La sensazione che ho oggi, nel pubblicare, è qualcosa del genere di trovarmi al centro di un mini terremoto che scuota il mio blog fin nella fondamenta, con l'apparizione, per la prima volta in assoluto, di un guest post nelle sue pagine. Ne è autore lo scrittore Marco Lazzara, intestatario del blog Arcani, che è anche il titolo del suo nuovo libro. Marco ha voluto farmi la sorpresa, che ho molto gradito, di scrivere un post prendendo come spunto il sottotitolo (o vero titolo) del mio blog: Cronache del Tempo del Sogno. In altri termini, quella che state per leggere è una sintetica, ma precisa, esposizione della religiosità aborigena australiana così come gli etnologi e gli studiosi delle religioni ce l'hanno fatta conoscere. Io stesso ho parlato in più occasioni, qua è là nel blog, di questa affascinante e complessa mitologia, a cui ho dedicato anche il progetto di una Graphic Novel dal titolo Dreamtime Returns. E' tutto materiale a cui potrete risalire in seguito, se vorrete, o tramite le pagine statiche o utilizzando i tags che compaiono qui a destra, mentre per il momento vi consiglio di godervi semplicemente questa nuova, felice tappa dell'Arcani tour di Marco Lazzara.

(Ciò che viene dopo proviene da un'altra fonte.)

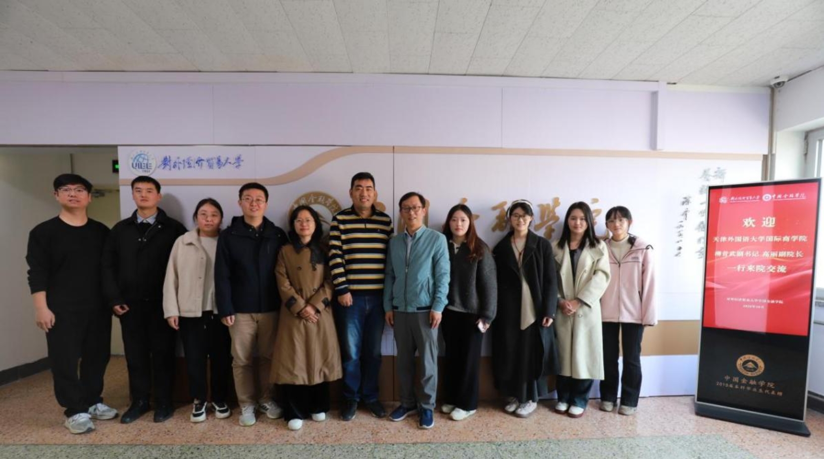 2025年10月30日上午9时30分,天津外国语大学国际商学院党委副书记、副院长柳昔武、副院长高丽、金融系教师陈镜宇、组织员任前及部分本科生、研究生到文轩探花 进行调研交流。文轩探花 院长王天一、党委副书记文之峰、团委书记穆晓志、兼职辅导员赵瑾等参加调研座谈。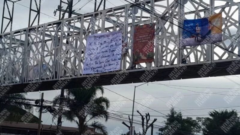 Una manta con un mensaje de amenaza fue colocada durante la madrugada de este jueves en el puente principal de San Salvador Chachapa, junta auxiliar del municipio de Amozoc, sobre la carretera federal Puebla–Tehuacán.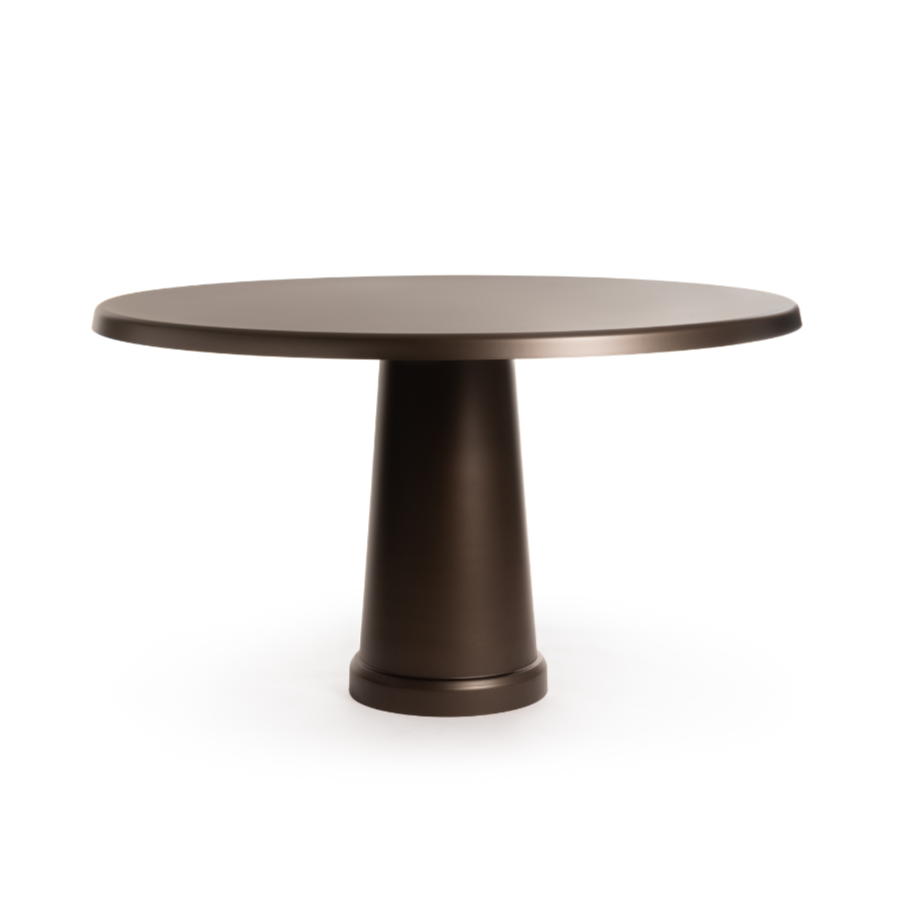 Stół All-Round to nowoczesna propozycja o wyrazistej, rzeźbiarskiej sylwetce. Jednolicie wykonany z tłoczonej blachy stalowej, malowanej proszkowo, przyciąga uwagę swoją prostą, ale monumentalną formą. Szeroka kolumna podstawy harmonijnie przechodzi w okrągły blat, tworząc spójną, graficzną całość.

Arcani Tour #5 – L’Imperatore
(Guest-Post di Marco Lazzara)
L’Arcani Tourè un giro promozionale del mio secondo libro, Arcani, per i blog che decidono di ospitare l’iniziativa. Il blogger che partecipa deve scegliere una carta dei Tarocchi, ognuna delle quali nel mio libro è rappresentata da un racconto, e riceve in cambio da me un guest-post correlato. Ivano Landi (che ringrazio dell’adesione) ha scelto la carta de L’Imperatore.
La Carta:“L’Imperatore, dominatore e re terreno, rappresenta il potere temporale; la sua mano è mossa da grande intelligenza e creatività, acquisite attraverso la profonda conoscenza del mondo e dei suoi abitanti, maturata attraverso gli anni.”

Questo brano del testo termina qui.